In a March 21 speech at the U.S. Holocaust Memorial Museum in Washington, D.C., Secretary of State Antony J. Blinken said a State Department assessment and legal analysis has classified the Myanmar military’s treatment of the Rohingya as genocide and crimes against humanity.
The evaluation included detailed documentation from human rights organizations and the State Department’s “own rigorous fact-finding,” said Blinken, referring to a May 2021 report by the U.S. Commission on International Religious Freedom: “Ending Genocide—U.S. Government Genocide Determinations and Next Steps.”
Among the sources that Blinken said aided the State Department’s assessment is a November 2017 report jointly issued by the Holocaust Museum’s Simon-Skjodt Center for the Prevention of Genocide and the human rights organization Fortify Rights.
The report, “They Tried to Kill Us All,” was based on a survey of more than 1,000 Rohingya refugees who fled Myanmar.
The Rohingya comprise just 1 million of Myanmar’s 55 million people, and most of them live in Rakhine, a coastal state bordering the Bay of Bengal, where well over two-thirds of the population lives in poverty, according to a recent article in Foreign Policy magazine.
The violence against Rohingyas began in 2016, Blinken said, citing the “They Tried to Kill Us All” report.
Atrocities continued and by 2017, more than 9,000 Rohingyas had been killed and more than 740,000 escaped to Bangladesh.

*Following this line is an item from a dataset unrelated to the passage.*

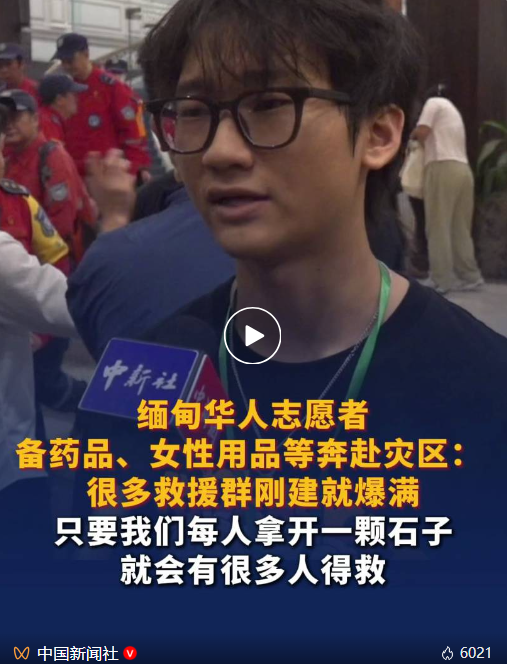 缅甸当地华人:28日地震发生得很突然,看到新闻说第一天就有近百人的伤亡,我们也是很痛心,想出自己的一份力,所有的华人都在努力地帮忙建微信群传播消息,然后再组织起来去救援。我们找到了为我们捐赠物资的团队,他们捐赠的物资有一些女性用品,一些酒精、纸尿布之类的医疗和生活用品,还有一些食品,以及救援队所需要的安全用品、照明灯。现在这些物品在曼德勒非常急需。我们也希望大家如果有这些物资,可以快点送到灾区,现在真的非常紧急。非常感谢大家。

“Three-quarters of those interviewed said that they personally witnessed members of the military kill someone,” Blinken said. “More than half witnessed acts of sexual violence. One in five witnessed a mass-casualty event—that is, the killing or injuring of more than 100 people in a single incident.”
The evidence “points to a clear intent behind these mass atrocities—the intent to destroy Rohingya, in whole or in part,” said Blinken referring to accounts of soldiers who committed the crimes but later defected. Blinken also quoted Min Aung Hlaing, commander-in-chief of Myanmar’s military in 2017, who referred to the Rohingya as a longstanding problem and that the “government in office is taking great care in solving it.”
“Intent is evident in the racial slurs shouted by members of the Burmese military as they attacked Rohingya, the widespread attack on mosques, the desecration of Korans,” Blinken said. The military’s genocidal objectives are clear from “the preparatory steps that soldiers took in the days leading up to the atrocities.”
In the village of Maung Nu, “soldiers started by confiscating Rohingya’s kitchen knives and machetes,” Blinken said. “Then they imposed a curfew. Then they tied pieces of red cloth outside the homes of Rohingya and at a local mosque. And then, only then, did the killing start.”
Blinken referred to the Holocaust Museum’s exhibition, “Burma’s Path to Genocide,” as an instructive lesson in how the groundwork for such monstrous crimes are “laid far in advance, over years, even decades, through a steady process of dehumanization and demonization.”
The Rohingya, an integral part of their nation for generations, “saw their rights, saw their citizenship methodically stripped away,” Blinken said. And that violence against the Rohingyas is the eighth instance of genocide since the Nazi Holocaust in which his own step-father perished.
American allies, including Canada, France and Turkey, have already accused Myanmar of genocide. In February, the International Court of Justice (ICJ), the principal judicial organ of the United Nations, conducted public hearings in connection with allegations of genocide against Myanmar’s military regime.
The Gambia brought the ICJ case against Myanmar in 2019 on behalf of the 57-member Organization of Islamic Cooperation. The Gambia accused Myanmar’s military regime, which has since ousted the democratically elected government, of violating the U.N. Convention on the Prevention and Punishment of the Crime of Genocide.
The ongoing ICJ case is not a criminal proceeding against individuals as perpetrators of genocide but seeks to make a legal determination of Myanmar’s alleged role in the crime. Further, the focus of the ICJ hearings in February, whose details have yet to be publicly released, was a challenge by Myanmar contending that the world court does not have the jurisdiction to hear allegations of genocide against the country’s military junta. At the same time, the junta appears to be using the case as an opportunity to portray itself as Myanmar’s legitimate government.
In October 2021, Congressman Gregory Meek of New York introduced legislation aimed at holding the Myanmar military accountable for genocide and other atrocities. The bill, Burma Act of 2021, seeks to “authorize humanitarian assistance and civil society support, promote democracy and human rights, and impose targeted sanctions with respect to human rights abuses in Burma...” The legislation has 78 co-sponsors.
“The day will come when those responsible for these appalling acts will have to answer for them,” Blinken said.